ANN SKELLY: “I love how her answer isn’t being underwater for a week in a corset.”
LAURA DONNELLY: (Laughing) “Being underwater for a week in a corset was fairly challenging, too.”
Speaking of that, can you talk a little bit about the spectacular action sequences, like the car scene in the first episode and the fight in the lake?
ANN SKELLY: “That car is actually drivable. It’s too bad I don’t have a driver’s license because it would probably make everyone else feel safer. And speaking to always breaking props…I haven’t broken the car. I have hit a curb once which was a shock for everyone.
That first episode…that car for when it shoots out the back of the carriage, me, Laura, and Violet (Prettejohn) who plays Myrtle were kind of put in the car on these roller coaster tracks and there was a green screen behind us. And what they would do is they would propel us forward on these roller coaster tracks and then drop us down, giving us a bit of a headache, and then shoot us off again. It was just this most bizarre experience, just shooting in this kind of Victorian square on these roller coaster tracks with a big green screen behind us. That, for me, was incredible.
But I’ve got actually a stunt driver too, so I don’t mow down all the crowd when we’re racing through the streets. Thank god for her!”
LAURA DONNELLY: “In terms of the big underwater fight, it was physically really challenging but I had an absolute ball. It was nothing like I’ve ever done before, for sure. I’ve never done any kind of diving, so I had to spend two days training just to learn in a wetsuit in the underwater stage at Pinewood Studios. I learned how to go five meters under and I was in the breather and the goggles and everything.

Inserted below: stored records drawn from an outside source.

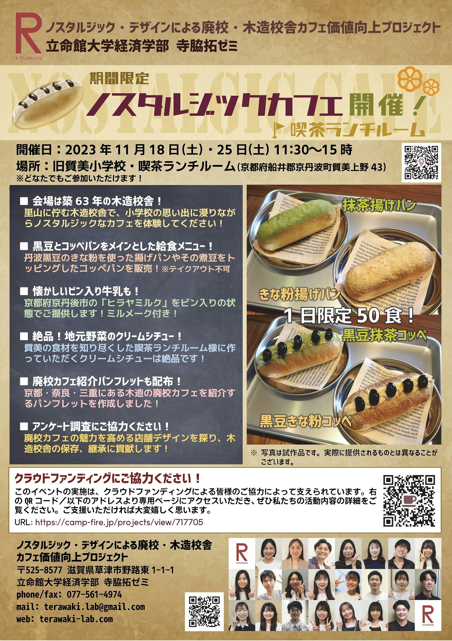 11月18日(土)と25日(土)はぜひ、京都府京丹波町にある旧質美小学校「喫茶ランチルーム」様までお越しください!
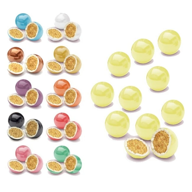 Délicieuses boules de céréales, enrobées de chocolat blanc et colorées.
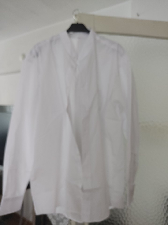 Yumuşak pamuktan üretilmiş beyaz erkek gömleği, V yaka ve uzun kollu. Düzenli kesim ve düğmeli ön detaylı, ofis için uygun. Minimalist ve sade tasarım.

But on the second day they expect you to take the breather and the goggles off and you just have to swim 25’ across the tank. That was probably the single most intimidating thing I’ve ever had to do for work. And I don’t get very nervous about a lot of the physical stuff. I’ve got an amazing stunt team who I trust. I trust them with my life. I used to be a gymnast when I was younger so I’m quite familiar with throwing myself up in the air and hopefully not landing on my head. So, it was definitely a challenge in that sense.
The strange thing is once I got into Amalia’s costume for rehearsal, I went into the water then and I just had no problem with it because I was in a completely different mindset. Suddenly I was Amalia and I wasn’t Laura. I just went into the tank, like, ‘This is fine. I’ve got this. This is absolutely cool.’
We spent a week doing it and it was physically exhausting, but it was so much fun. And Martyn Ford who plays Odium is not only the biggest man on the planet but one of the nicest men as well. He’s a very, very sweet man and we just had a lot of fun as I tried to climb up him dripping wet in Victorian garb.
What do you think Amalia loves about Penance and Penance loves about Amalia that draws them together and gives them that special connection?
LAURA DONNELLY: “Well I think I can definitely speak to what Amalia loves about Penance because it is genuinely exactly the same thing I love about Ann. It’s a warmth that she brings into a room with her that softens all of my edges. I just feel – and did feel immediately upon meeting Ann and certainly in the early days of us working together – just somebody that I knew I could trust and somebody that I knew I could be very open with and really let my guard down and knew that it would be accepted. She feels like somebody who’s going to just accept you for who you are and it’s going to be fine. That is a complete Penance/Ann crossover in their personalities. And that is what Amalia loves about Penance.”
ANN SKELLY: “I love this question because I get to hear Laura say nice things about me. What does Penance love about Amalia?”
LAURA DONNELLY: (Laughing) “You’re at a loss.”
ANN SKELLY: “I think that there are so many things, actually. I think there’s a special quality to Amalia in that there’s just something in her that it’s like an immediate magnetic quality, I suppose, which Laura very much possesses. And it’s something that she can’t act…or maybe she can act and she’s just that good. (Laughing) But it’s not something that you come across often.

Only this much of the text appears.